Öztürk, açıklamalarını şöyle sürdürdü: “Türkiye örtülü bir şekilde sömürgeleştiriliyor. Türkiye, tarihinde ilk defa adeta iki milletli parlamentoya mecbur ve mahkum bir hale getirildi. Böyle bir manzara var.”

En azından benim verdiğimde arapça kelimeleri ve anlamlarınıda vermiş ingilizce kitabı türkçeye cevirir gibi sallamamış...
 
yok kuranda geçmiyomuş yok tevratta geçiyomuş.ne farkeder sanane ona ne hala anlayamıyor bazıları.

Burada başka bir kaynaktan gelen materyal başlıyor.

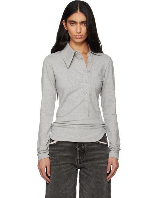 Stretch cotton fleece polo. · Asymmetrical spread collar · Offset five-button placket · Curved hem · Logo embroidered at back collar Supplier color: Melange grey Colour: black

bi kız isterse moda olsun diye takar,isterse ilgi çekmek için takar,ister siyasi simge sandığı için takar,ister dini inancı gereği takar,ister altına mini etek +tanga giyer öyle takar,isterse takmaz

bu kadar basit.bu şeyin de ünivde yasaklanmasının tek nedeni deniz baykaldır.ve amacı laiklik falan değildir.öyle olsaydı seçim vaatleri arasında "ünivlerde başörtsü özgürlüğü" bulunmazdı.tek sorun kendisinin yapamıyor olması.tek sorun baykalın iktidar olamaması.şu andada kendi kafasında halkı cezalandırmaya çalışıyor.beceremez tabi.sandık yakındır görücez bakalım her fırsatta hakaret ettiği halk kendisini başa geçirecekmi?
 
yani türçe yorumlamaları çok saçma.

yani kadının hiçbir yanı beni tahrik etmeyecek bir saçları mı tahrik edecek.

ben ne yapayım saçlarını ve rengini
 
Başörtüsü siyasi simge değildir.

Şöyle bakalım başörtüsü akplisinin de başında var,saadet partilisinin de var,Mhplisinin de şusununda var bundada var.
Ama görüşlere bakarsak siyasi olarak aralarında dağlar kadar fark var!
 
siyasi bi simge veya değil hiç farketmez.

acaba mini etek neyin simgesi? çağdaşlığın mı?